I use Huggingface transformers and in the following you can find an actual code and example I'm running (might be also helpful for some folks who are trying to run fine-tuned model of ALBERT on SQuAD v2.0):
tokenizer = AutoTokenizer.from_pretrained("ktrapeznikov/albert-xlarge-v2-squad-v2")
model = AutoModelForQuestionAnswering.from_pretrained("ktrapeznikov/albert-xlarge-v2-squad-v2")
question = "Why aren't the examples of bouregois architecture visible today?"
text = """Exceptional examples of the bourgeois architecture of the later periods were not restored by the communist authorities after the war (like mentioned Kronenberg Palace and Insurance Company Rosja building) or they were rebuilt in socialist realism style (like Warsaw Philharmony edifice originally inspired by Palais Garnier in Paris). Despite that the Warsaw University of Technology building (1899\u20131902) is the most interesting of the late 19th-century architecture.
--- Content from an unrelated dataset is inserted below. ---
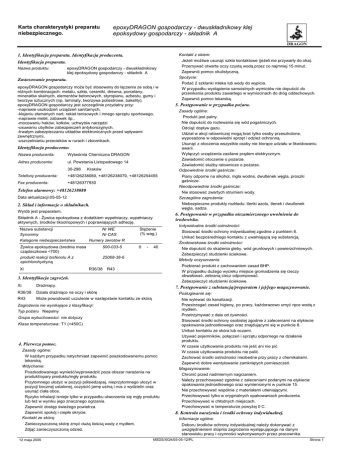epoxyDRAGON gospodarczy - dwuskładnikowy klej epoksydowy gospodarczy - składnik A Karta charakterystyki preparatu niebezpiecznego. 1. Identyfikacja preparatu. Identyfikacja producenta. Kontakt z okiem: Identyfikacja preparatu. Jeżeli możliwe usunąć szkła kontaktowe (jeżeli nie przywarły do oka). Przemywać otwarte oczy czystą wodą przez co najmniej 15 minut. Zapewnić pomoc okulistyczną. Spożycie: Nazwa produktu: epoxyDRAGON gospodarczy - dwuskładnikowy klej epoksydowy gospodarczy - składnik A Zastosowanie preparatu. epoxyDRAGON gospodarczy może być stosowany do łączenia ze sobą i w różnych kombinacjach: metalu, szkła, ceramiki, drewna, porcelany, minerałów skalnych, elementów betonowych, styropianu, azbestu, gumy i tworzyw sztucznych (np. laminaty, tworzywa poliestrowe, bakelity). epoxyDRAGON gospodarczy jest szczególnie przydatny przy: -naprawie uszkodzeń urządzeń sanitarnych, -klejeniu złamanych nart, rakiet tenisowych i innego sprzętu sportowego, -naprawie mebli, zabawek itp., -mocowaniu haków, kołków, uchwytów narzędzi -usuwaniu ubytków zabezpieczeń antykorozyjnych, -trwałym zabezpieczaniu układów elektronicznych przed wpływami zewnętrznymi, -uszczelnianiu przecieków w rurach i zbiornikach. Identyfikacja producenta: Nazwa producenta: Wytwórnia Chemiczna DRAGON Adres producenta: ul. Powstania Listopadowego 14 30-298 Kraków Telefony producenta: +48126238080, +48126238070, +48126254455 Fax producenta: +48126377930 Telefon alarmowy: +48126238080 Zasady ogólne: Produkt jest palny. Nie dopuścić do rozlewania się wód pogaśniczych. Odciąć dopływ gazu. Udział w akcji ratowniczej mogą brać tylko osoby przeszkolone, wyposażone w odpowiedni sprzęt i odzież ochronną. Usunąć z otoczenia wszystkie osoby nie biorące udziału w likwidowaniu awarii. Wyłączyć urządzenia zasilane prądem elektrycznym. Zawiadomić otoczenie o pożarze. Zawiadomić służby ratownicze o pożarze. Odpowiednie środki gaśnicze: Piany odporne na alkohol, mgła wodna, dwutlenek węgla, proszki gaśnicze. Nieodpowiednie środki gaśnicze: Niebezpieczne produkty rozkładu: tlenki azotu, tlenek i dwutlenek węgla, sadza. 2. Skład i informacje o składnikach. Wyrób jest preparatem. 6. Postępowanie w przypadku niezamierzonego uwolnienia do środowiska. Składnik A - Żywica epoksydowa z dodatkiem wypełniaczy, wypełniaczy aktywnych, środków tiksotropowych i poprawiających adhezję. Nr WE Nr CAS Numery zwrotów R Żywica epoksydowa (średnia masa cząsteczkowa <700) 500-033-5 produkt reakcji bisfenolu A z epichlorohydryną 25068-38-6 Xi 5. Postępowanie w przypadku pożaru. Nie stosować zwartych strumieni wody. Szczególne zagrożenia: Data aktualizacji:05-05-12 Nazwa substancji Synonimy Kategorie niebezpieczeństwa Podać 2 szklanki mleka lub wody do wypicia. W przypadku wystąpienia samoistnych wymiotów nie dopuścić do przenikania produktu zawartego w wymiocinach do dróg oddechowych. Zapewnić pomoc lekarską. R36/38 Stężenie (% wag.) 0 - 40 Indywidualne środki ostrożności: Stosować środki ochrony indywidualnej zgodnie z punktem 8. Unikać bezpośredniego kontaktu z uwalniającą się substancją. Środowiskowe środki ostrożności: Nie dopuścić do skażenia gleby, wód gruntowych i powierzchniowych. Zabezpieczyć studzienki ściekowe. Metody oczyszczania: Pozbierać produkt z zachowaniem zasad BHP. W przypadku dużego wycieku miejsce gromadzenia się cieczy obwałować, zebraną ciecz odpompować. Zabezpieczyć studzienki ściekowe. R43 3. Identyfikacja zagrożeń. Xi Drażniący. R36/38 Działa drażniąco na oczy i skórę Posługiwanie się: R43 Może powodować uczulenie w następstwie kontaktu ze skórą Nie wylewać do kanalizacji. Przestrzegać zasad higieny, po pracy, każdorazowo umyć ręce wodą z mydłem. Przetrzymywać z dala od żywności. Stosować środki ochrony osobistej zgodnie z zaleceniami na etykiecie opakowania jednostkowego oraz znajdującymi się w punkcie 8. Unikać kontaktu ze skóra lub oczami. Używać pojemników, połączeń i sprzętu odpornego na działanie produktu. W czasie użytkowania produktu nie jeść ani nie pić. W czasie użytkowania produktu nie palić. Zachować środki ostrożności niezbedne przy pracy z chemikaliami. Zapewnić dobre wentylowanie zamkniętych pomieszczeń. Magazynowanie: 7. Postępowanie z substancją/preparatem i jej/jego magazynowanie. Zagrożenia nie wynikające z klasyfikacji: Typ pożaru Niepalny Grupa wybuchowości: nie dotyczy Klasa temperaturowa: T1 (>450C) 4. Pierwsza pomoc. Zasady ogólne: W każdym przypadku natychmiast zapewnić poszkodowanemu pomoc lekarską. Wdychanie: Poszkodowanego wynieść/wyprowadzić poza obszar narażenia na produkt/opary produktu/mgły produktu. Przytomnego ułożyć w pozycji półsiedzącej, nieprzytomnego ułozyć w pozycji bocznej ustalonej, oczyścić jamę ustną i nos z wydzielin oraz usunąć ciała obce. Ryzyko inhalacji isnieje tylko w przypadku utworzenia się mgły produktu lub też w wyniku jego znacznego ogrzania. Zapewnić dostęp świeżego powietrza. Zapewnić spokój i ciepłe okrycie. Kontakt ze skórą: Zanieczyszczoną skórę zmyć dużą ilością wody z mydłem. Zdjąć zanieczyszczoną odzież. 12 maja 2005 Chronić przed nadmiernym nagrzaniem. Należy przechowywać zgodnie z zaleceniami podanymi na etykiecie opakowania jednostkowego oraz wymienionymi w punkcie 15. Nie przechowywać wspólnie z materiałami utleniającymi. Przechowywać tylko w oryginalnych opakowaniach producenta. Przechowywać w chłodnych miejscach. Przechowywać w temperaturze powyżej 0 C. 8. Kontrola narażenia i środki ochrony indywidualnej. Informacje ogólne: Doboru środków ochrony indywidualnej należy dokonywać z uwzględnieniem stopnia zagrożenia występującego na danym stanowisku pracy i czynności wykonywanych przez pracownika. MSDS/XGA/05-05-12/PL Strona 1 epoxyDRAGON gospodarczy - dwuskładnikowy klej epoksydowy gospodarcz

Some 19th-century buildings in the Praga district (the Vistula\u2019s right bank) have been restored although many have been poorly maintained. Warsaw\u2019s municipal government authorities have decided to rebuild the Saxon Palace and the Br\u00fchl Palace, the most distinctive buildings in prewar Warsaw."""
input_dict = tokenizer.encode_plus(question, text, return_tensors="pt")
input_ids = input_dict["input_ids"].tolist()
start_scores, end_scores = model(**input_dict)
all_tokens = tokenizer.convert_ids_to_tokens(input_ids[0])
answer = ' '.join(all_tokens[torch.argmax(start_scores) : torch.argmax(end_scores)+1]).replace('▁', '')
print(answer)
And the output is like the following:
[CLS] why aren ' t the examples of bour ego is architecture visible today ? [SEP] exceptional examples of the bourgeois architecture of the later periods were not restored by the communist authorities after the war
As you can see there are BERT's special tokens in the answer including [CLS] and [SEP].
I understand that in cases where the answer is just [CLS] (having two tensor(0) for start_scores and end_scores) it basically means model thinks there's no answer to the question in context which makes sense. And in these cases I just simply set the answer to that question to a null string when running the evaluation script.
But I wonder in cases like the example above, should I again assume that model could not find an answer and set the answer to empty string? or should I just leave the answer like that when I'm evaluating the model performance?
I'm asking this question because as far as I understand, the performance calculated using the evaluation script can change (correct me if I'm wrong) if I have such cases as answers and I may not get a realistic sense of the performance of these models.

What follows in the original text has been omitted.